(Records excerpted from a collection)
------------------------------------

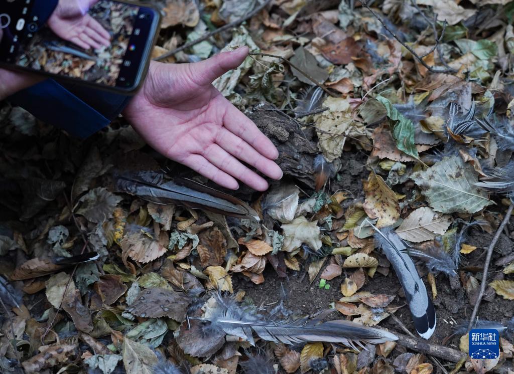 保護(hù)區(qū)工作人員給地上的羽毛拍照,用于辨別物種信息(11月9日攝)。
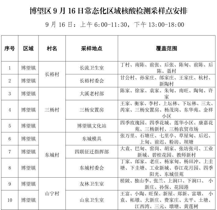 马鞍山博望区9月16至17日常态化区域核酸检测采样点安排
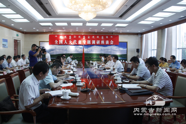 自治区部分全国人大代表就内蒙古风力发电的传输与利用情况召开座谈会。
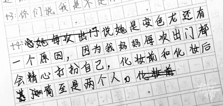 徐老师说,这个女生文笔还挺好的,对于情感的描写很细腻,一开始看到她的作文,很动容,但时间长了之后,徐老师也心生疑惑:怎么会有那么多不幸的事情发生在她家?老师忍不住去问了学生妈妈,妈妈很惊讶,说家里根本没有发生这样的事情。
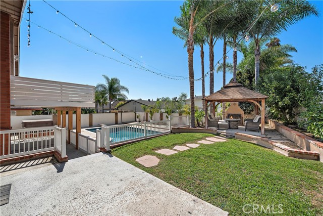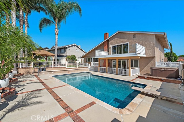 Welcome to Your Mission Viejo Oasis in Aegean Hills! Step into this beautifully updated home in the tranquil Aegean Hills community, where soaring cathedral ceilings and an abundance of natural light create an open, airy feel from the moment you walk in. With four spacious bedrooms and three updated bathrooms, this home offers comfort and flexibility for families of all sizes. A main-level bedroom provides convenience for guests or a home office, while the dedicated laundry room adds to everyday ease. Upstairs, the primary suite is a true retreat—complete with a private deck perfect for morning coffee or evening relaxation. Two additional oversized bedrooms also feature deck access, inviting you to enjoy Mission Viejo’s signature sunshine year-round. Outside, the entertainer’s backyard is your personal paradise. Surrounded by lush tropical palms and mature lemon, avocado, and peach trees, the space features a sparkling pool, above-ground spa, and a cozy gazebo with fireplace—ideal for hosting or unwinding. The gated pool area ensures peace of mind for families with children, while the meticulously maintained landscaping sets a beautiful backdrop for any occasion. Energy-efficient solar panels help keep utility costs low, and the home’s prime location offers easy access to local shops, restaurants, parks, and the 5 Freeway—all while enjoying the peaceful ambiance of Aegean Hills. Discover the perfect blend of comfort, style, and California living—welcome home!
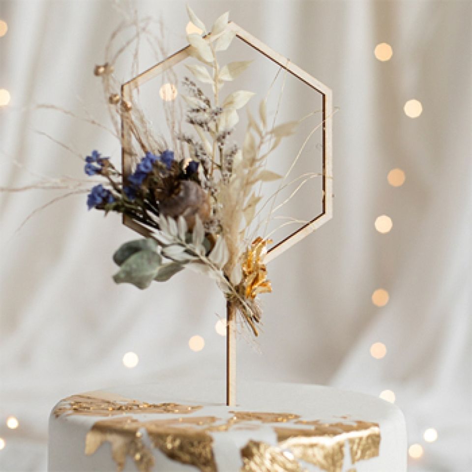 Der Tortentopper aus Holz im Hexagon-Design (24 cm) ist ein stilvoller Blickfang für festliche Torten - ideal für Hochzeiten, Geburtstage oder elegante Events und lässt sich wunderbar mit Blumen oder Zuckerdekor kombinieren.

------------------------------------

■ **Exercise requirements**
The lines above must be transcribed exactly, with every picture left out.

■ **Written reply**
 保護(hù)區(qū)工作人員給地上的羽毛拍照,用于辨別物種信息(11月9日攝)。
 马鞍山博望区9月16至17日常态化区域核酸检测采样点安排
 自治区部分全国人大代表就内蒙古风力发电的传输与利用情况召开座谈会。
 徐老师说,这个女生文笔还挺好的,对于情感的描写很细腻,一开始看到她的作文,很动容,但时间长了之后,徐老师也心生疑惑:怎么会有那么多不幸的事情发生在她家?老师忍不住去问了学生妈妈,妈妈很惊讶,说家里根本没有发生这样的事情。
 Welcome to Your Mission Viejo Oasis in Aegean Hills! Step into this beautifully updated home in the tranquil Aegean Hills community, where soaring cathedral ceilings and an abundance of natural light create an open, airy feel from the moment you walk in. With four spacious bedrooms and three updated bathrooms, this home offers comfort and flexibility for families of all sizes. A main-level bedroom provides convenience for guests or a home office, while the dedicated laundry room adds to everyday ease. Upstairs, the primary suite is a true retreat—complete with a private deck perfect for morning coffee or evening relaxation. Two additional oversized bedrooms also feature deck access, inviting you to enjoy Mission Viejo’s signature sunshine year-round. Outside, the entertainer’s backyard is your personal paradise. Surrounded by lush tropical palms and mature lemon, avocado, and peach trees, the space features a sparkling pool, above-ground spa, and a cozy gazebo with fireplace—ideal for hosting or unwinding. The gated pool area ensures peace of mind for families with children, while the meticulously maintained landscaping sets a beautiful backdrop for any occasion. Energy-efficient solar panels help keep utility costs low, and the home’s prime location offers easy access to local shops, restaurants, parks, and the 5 Freeway—all while enjoying the peaceful ambiance of Aegean Hills. Discover the perfect blend of comfort, style, and California living—welcome home!
 Der Tortentopper aus Holz im Hexagon-Design (24 cm) ist ein stilvoller Blickfang für festliche Torten - ideal für Hochzeiten, Geburtstage oder elegante Events und lässt sich wunderbar mit Blumen oder Zuckerdekor kombinieren.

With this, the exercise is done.